[Data for analysis]
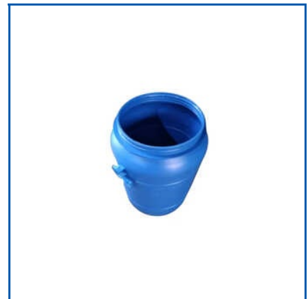
PLASTIC BLUE DRUM
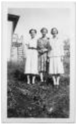
Staff of the Crosby Girls' School (13d-c5702-d12)
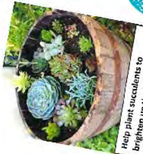
Help plant succulents to brighten up the Youth Hub
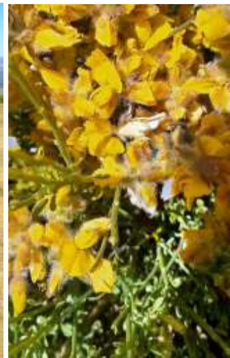
Echinospartum lusitanicum sbsp. Barnadesii
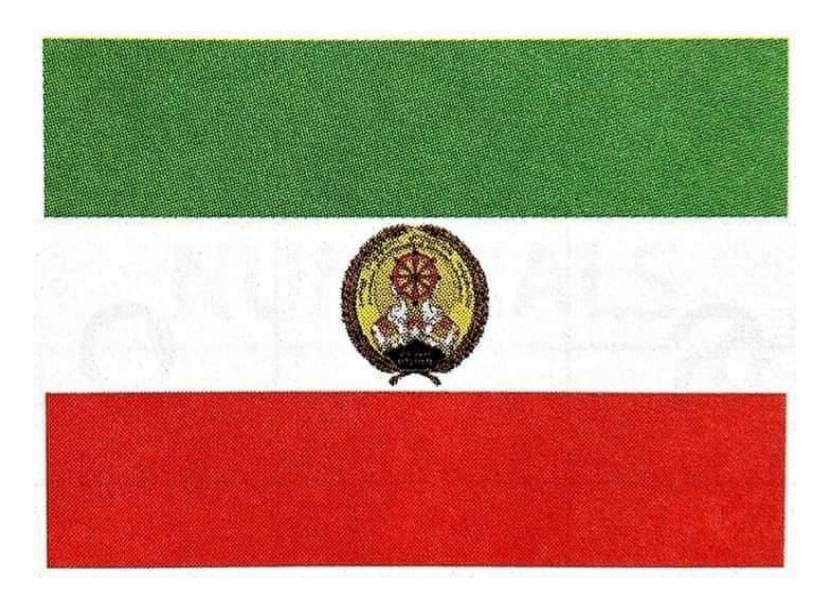
Fig 2.3 Chakma Autonomous District Council Flag<sup>66</sup>

symbolise strong determination, enthusiasm, spirit of working for all round development of the council and the nation as a whole.<sup>65</sup>
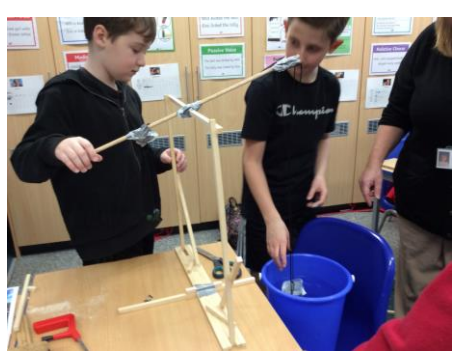
Reviewing and reshaping the shaduf
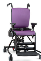
Large hi/lo base R870 Rifton Activity Chair
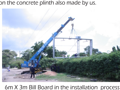
6m X 3m Bill Board in the installation process on the concrete plinth also made by us.
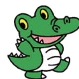
Dr. Wani, OU mascot

The tutoring system is to match each international student with a student tutor (a senior student at the Graduate School of Economics), who acts as a personal guide to your new life in Osaka. The tutors assist international students with their studies at Osaka University and advice on the practical and psychological aspects of living in Japan. You will be introduced to your tutors after you arrive in Japan.
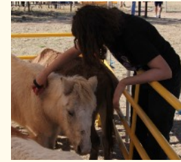
Plenty to see and do for all! Photo credits below left.
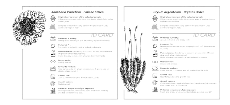
Figure 1. ID cards of the lichen Xanthoria parietina and the moss Bryum argenteum

As outlined in the BD procedural thinking (Pollini & Rognoli, 2021), at first it is necessary to acknowledge the life cycle and preferred living conditions of the organisms, to create suitable bioreceptive materials and artefacts. To do so, we selected two cosmopolitan species, widespread in heavily urbanized environments: the lichen Xanthoria parietina and the moss Bryum argenteum , and we created an ID cards for both of them (Figure 1).
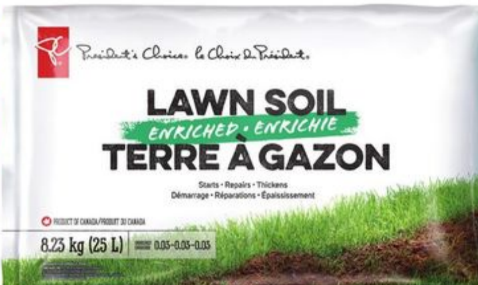
PC® ENRICHED LAWN SOIL 25 L 21349080_EA
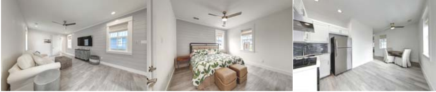
Apartment w/ bed, bath, living, kitchen can be locked off.
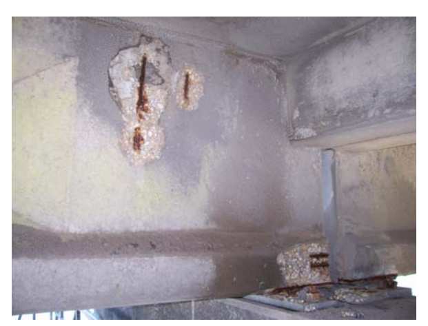
Span 54; East elevation
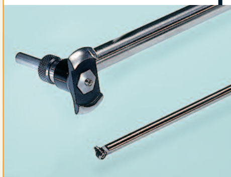
SUBITO® SU 4,5 - 6 and SU 35 - 60
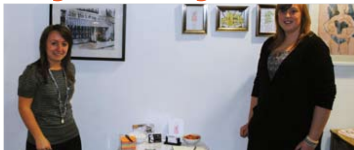
Art and design students organised a week-long Young Designers@Sixth exhibition at FYCreatives in Blackpool in the run-up to Christmas.
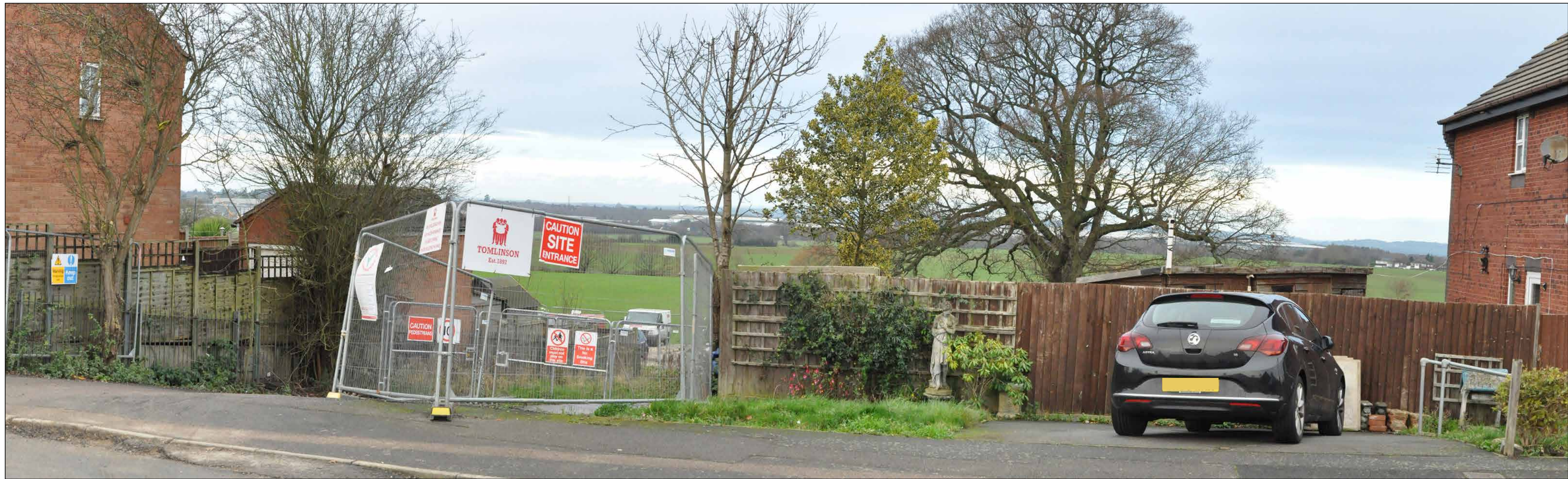
VIEWPOINT: 19 LOOKING WEST TOWARDS THE SITE FROM OFF BIRCHWOOD AVENUE AT ENTRANCE TO TOMLINSON CONSTRUCTION SITE.

PROJECTION: CYLINDRICAL ENLARGEMENT FACTOR: 96% AT A1 VIEW AT COMFORTABLE ARM'S LENGTH TO BE PRINTED AT A1 FOR ASSESSMENT VIEWING BOX INCORPORATES UP TO 90° HORIZONTAL FIELD OF VIEW DATE AND TIME OF PHOTOGRAPHY: 10.12.2020 AT 09:36 MAKE AND MODEL OF CAMERA: NIKON D90 MAKE AND FOCAL LENGTH OF LENS: NIKON 35MM DIRECTION OF VIEW: WEST
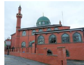
Central Jamia Mosque, Oldham
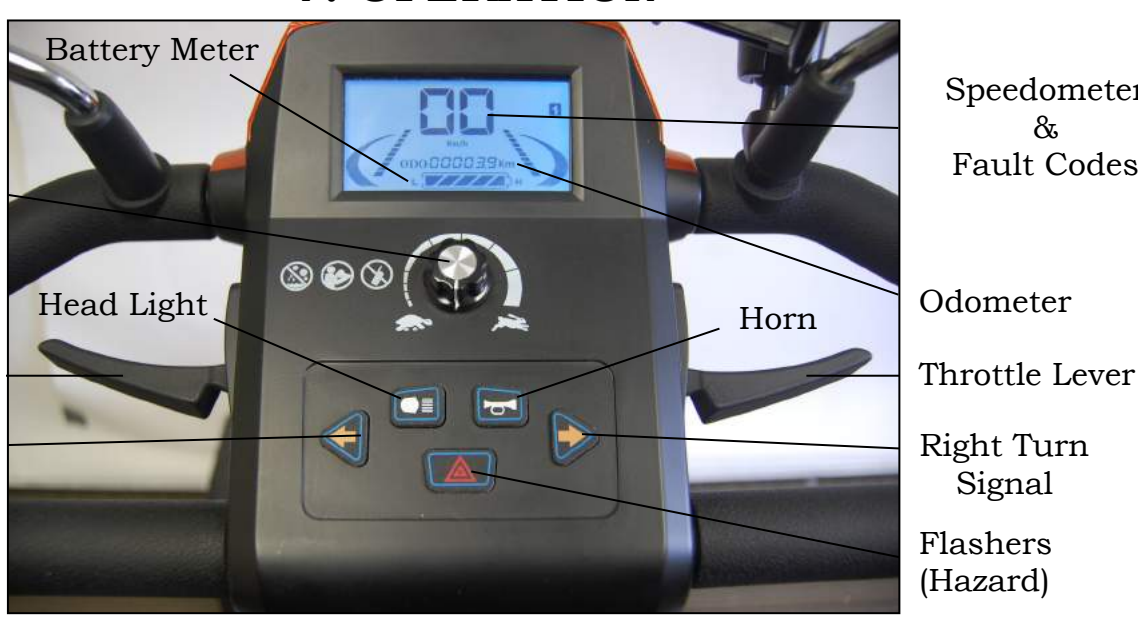
Figure 5. Delta Tiller Control Panel with LCD Display
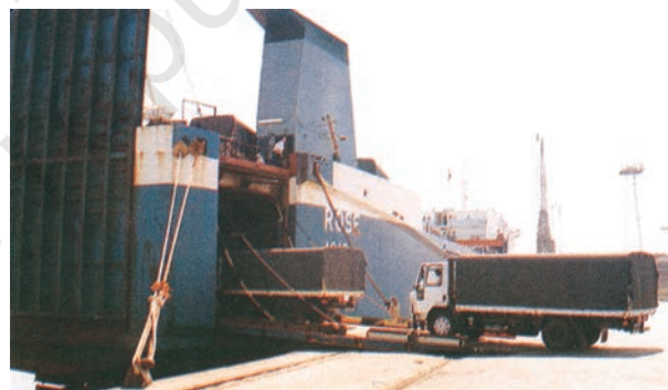
Fig. 7.6: Trucks being driven into the vessel at Mumbai port

Kandla in Kuchchh was the first port developed soon after Independence to ease the volume of trade on the Mumbai port, in the wake of loss of Karachi port to Pakistan after the Partition. Kandla is a tidal port. It caters to the convenient handling of exports and imports of highly productive granary and industrial belt
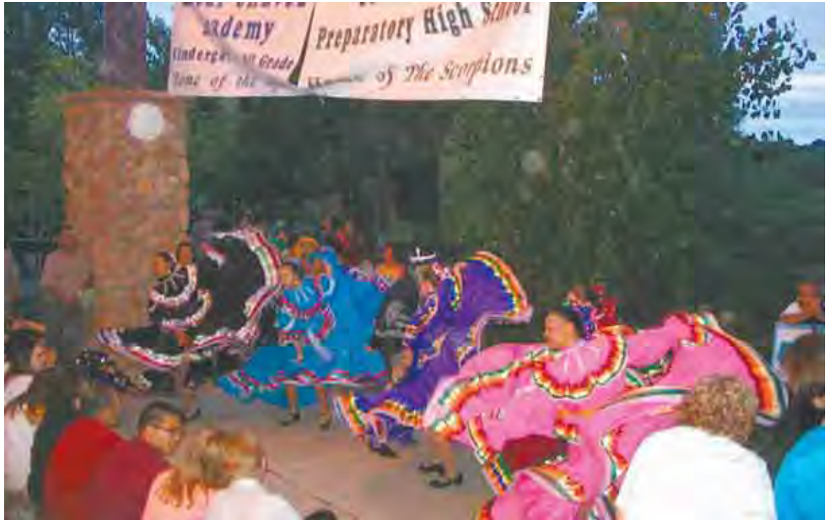
Grupo Folklorico del Pueblo dancers entertaining the crowd at the Riverwalk Boettcher Education Center

and staff members at the Historic Arkansas Riverwalk of Pueblo Boettcher Education Center. The attendees of the outdoor festivity enjoyed refreshments, the dancing of Grupo Folklorico del Pueblo, and music of Mariachi Aguila de Cesar Chavez. The Mariachis recently competed in Albuquerque, New Mexico during the Mariachi Spectacular this summer and placed 2nd at the competition.
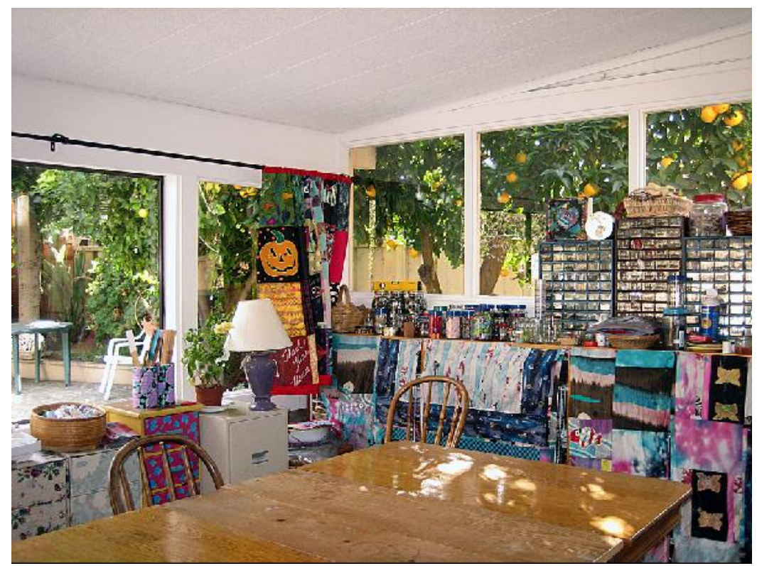
This is just one corner of my studio.
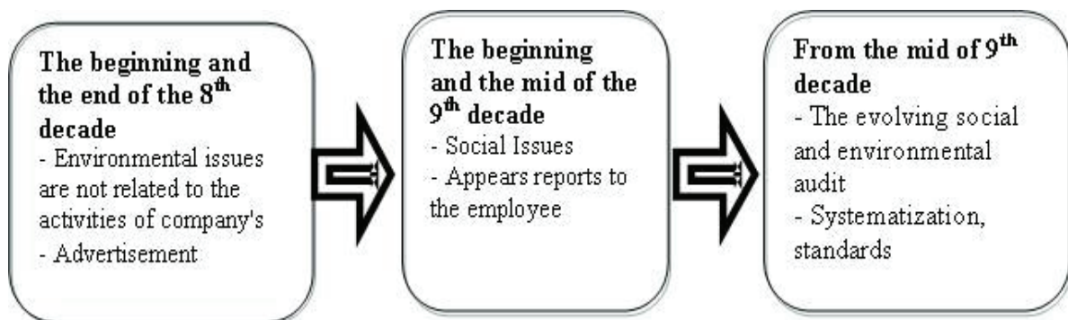
Figure 1. The stages of CSR reporting development
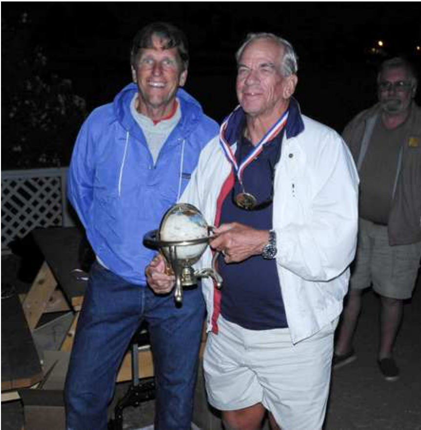
JACK KALO MEMORIAL Cruiser Navigation Contest
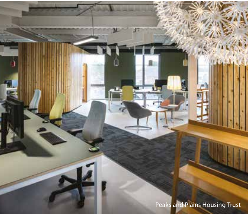
Peaks and Plains Housing Trust

For more information on our floor finishes that work together, please visit www.forbo-flooring.co.uk/government

[Work instructions]
All lines above with the word "Mumbai" need to be reported.

[Problem solution]
Fig. 7.6: Trucks being driven into the vessel at Mumbai port
Kandla in Kuchchh was the first port developed soon after Independence to ease the volume of trade on the Mumbai port, in the wake of loss of Karachi port to Pakistan after the Partition. Kandla is a tidal port. It caters to the convenient handling of exports and imports of highly productive granary and industrial belt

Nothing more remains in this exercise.